## [Data listing]

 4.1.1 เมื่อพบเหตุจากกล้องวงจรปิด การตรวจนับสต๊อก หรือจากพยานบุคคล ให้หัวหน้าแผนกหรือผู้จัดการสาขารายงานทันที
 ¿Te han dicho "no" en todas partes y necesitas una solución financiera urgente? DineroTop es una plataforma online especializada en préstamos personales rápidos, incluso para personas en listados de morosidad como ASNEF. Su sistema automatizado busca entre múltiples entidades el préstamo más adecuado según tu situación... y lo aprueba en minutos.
--
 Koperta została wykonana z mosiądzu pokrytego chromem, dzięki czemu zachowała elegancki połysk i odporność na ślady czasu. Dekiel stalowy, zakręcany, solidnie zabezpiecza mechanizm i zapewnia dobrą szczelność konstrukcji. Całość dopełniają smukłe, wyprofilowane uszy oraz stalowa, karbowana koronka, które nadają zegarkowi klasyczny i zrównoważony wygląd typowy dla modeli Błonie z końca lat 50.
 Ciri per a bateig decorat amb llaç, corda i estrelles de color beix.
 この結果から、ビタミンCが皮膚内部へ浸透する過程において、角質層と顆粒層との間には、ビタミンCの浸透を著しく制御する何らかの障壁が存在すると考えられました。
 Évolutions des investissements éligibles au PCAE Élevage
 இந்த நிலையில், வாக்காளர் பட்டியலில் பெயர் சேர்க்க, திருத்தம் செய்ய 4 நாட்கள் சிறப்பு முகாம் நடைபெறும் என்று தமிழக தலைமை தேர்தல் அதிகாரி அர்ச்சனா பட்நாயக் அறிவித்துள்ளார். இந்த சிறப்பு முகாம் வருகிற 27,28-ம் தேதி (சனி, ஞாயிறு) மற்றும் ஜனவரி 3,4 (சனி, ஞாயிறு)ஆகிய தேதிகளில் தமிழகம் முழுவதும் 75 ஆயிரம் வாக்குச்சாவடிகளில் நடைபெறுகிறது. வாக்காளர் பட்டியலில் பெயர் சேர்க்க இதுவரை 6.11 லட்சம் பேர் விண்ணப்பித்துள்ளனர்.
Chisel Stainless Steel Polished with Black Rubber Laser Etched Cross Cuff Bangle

## [Your task]
Write out exactly the lines above from the line with "この結果から、ビタミンCが皮" through the line with "Chisel Stainless Steel", both of them included, and leave out all other lines.

## [Problem solution]
 この結果から、ビタミンCが皮膚内部へ浸透する過程において、角質層と顆粒層との間には、ビタミンCの浸透を著しく制御する何らかの障壁が存在すると考えられました。
 Évolutions des investissements éligibles au PCAE Élevage
 இந்த நிலையில், வாக்காளர் பட்டியலில் பெயர் சேர்க்க, திருத்தம் செய்ய 4 நாட்கள் சிறப்பு முகாம் நடைபெறும் என்று தமிழக தலைமை தேர்தல் அதிகாரி அர்ச்சனா பட்நாயக் அறிவித்துள்ளார். இந்த சிறப்பு முகாம் வருகிற 27,28-ம் தேதி (சனி, ஞாயிறு) மற்றும் ஜனவரி 3,4 (சனி, ஞாயிறு)ஆகிய தேதிகளில் தமிழகம் முழுவதும் 75 ஆயிரம் வாக்குச்சாவடிகளில் நடைபெறுகிறது. வாக்காளர் பட்டியலில் பெயர் சேர்க்க இதுவரை 6.11 லட்சம் பேர் விண்ணப்பித்துள்ளனர்.
Chisel Stainless Steel Polished with Black Rubber Laser Etched Cross Cuff Bangle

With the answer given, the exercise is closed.